(Beginning of Raw data)

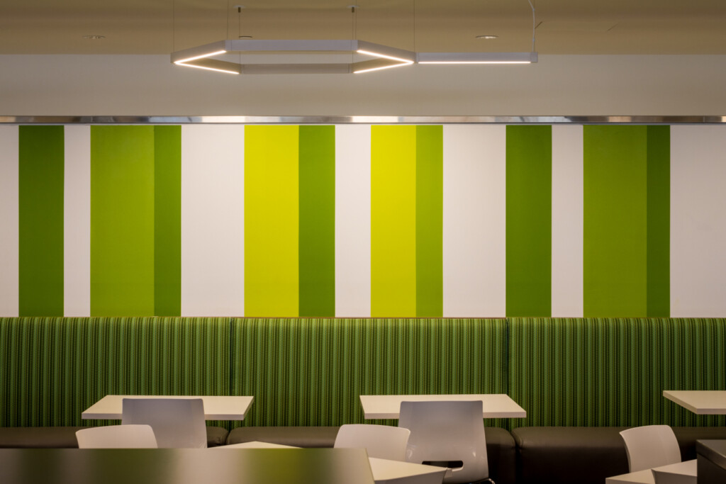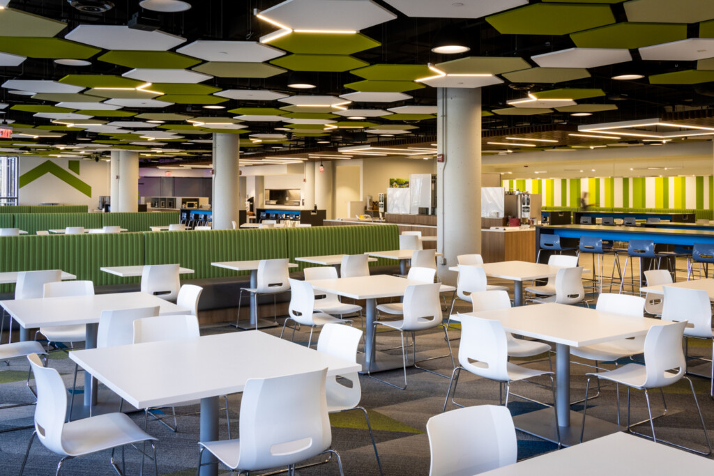 The renovation of Freddie Mac’s main cafeteria and kitchen on their campus was a multi-phase project to minimize disruption to the staff and food service / catering operations in the fully occupied building.
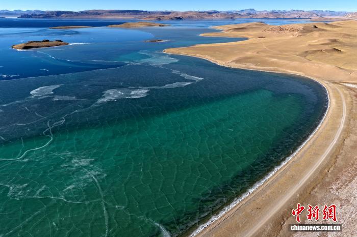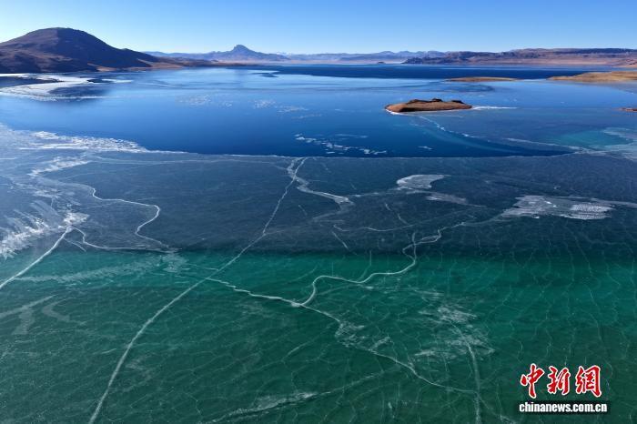12月20日,航拍錯(cuò)鄂湖。錯(cuò)鄂湖,位于西藏那曲市申扎縣境內(nèi),是色林錯(cuò)的衛(wèi)星湖。冬日錯(cuò)鄂湖在陽(yáng)光照耀下,湖泊呈現(xiàn)藍(lán)、綠等多種顏色,景色迷人。圖為錯(cuò)鄂湖景色。(無(wú)人機(jī)照片)中新社記者 李林 攝
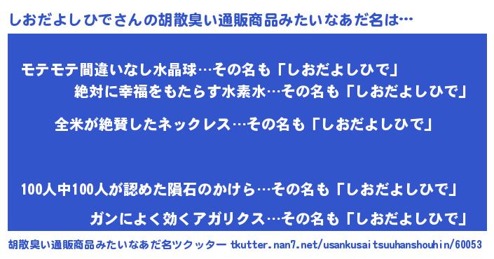 | 意味不明あだ名 | 『とにかく怪しいしおだよしひで』 |
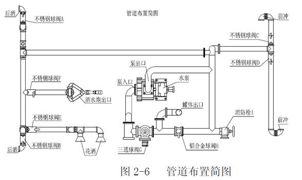 在灑水和澆灌花木時,其操作程序是:調節三通球閥G到如圖位置(注意:三通球閥凹坑所對方向關閉),關閉鋁合金球閥H和消防栓I,打開不銹鋼球閥A、B、C、D、E,打開鋁合金球閥H,踏下離合,打開取力器開關,慢慢松開離合(千萬不可過快,否則將會損壞取力器或變速箱),使水泵開始工作,即可向實現灑水和澆灌花木的功能,停止工作后開關

(End of Raw data)

Exercise objective: Word for word, output the lines from the beginning of the listing through the line holding "意味不明あだ名 | 『とにかく怪しいしおだよしひで』 |" and nothing beyond them. Omit the pictures.

Response for this exercise:
 The renovation of Freddie Mac’s main cafeteria and kitchen on their campus was a multi-phase project to minimize disruption to the staff and food service / catering operations in the fully occupied building.
12月20日,航拍錯(cuò)鄂湖。錯(cuò)鄂湖,位于西藏那曲市申扎縣境內(nèi),是色林錯(cuò)的衛(wèi)星湖。冬日錯(cuò)鄂湖在陽(yáng)光照耀下,湖泊呈現(xiàn)藍(lán)、綠等多種顏色,景色迷人。圖為錯(cuò)鄂湖景色。(無(wú)人機(jī)照片)中新社記者 李林 攝
 | 意味不明あだ名 | 『とにかく怪しいしおだよしひで』 |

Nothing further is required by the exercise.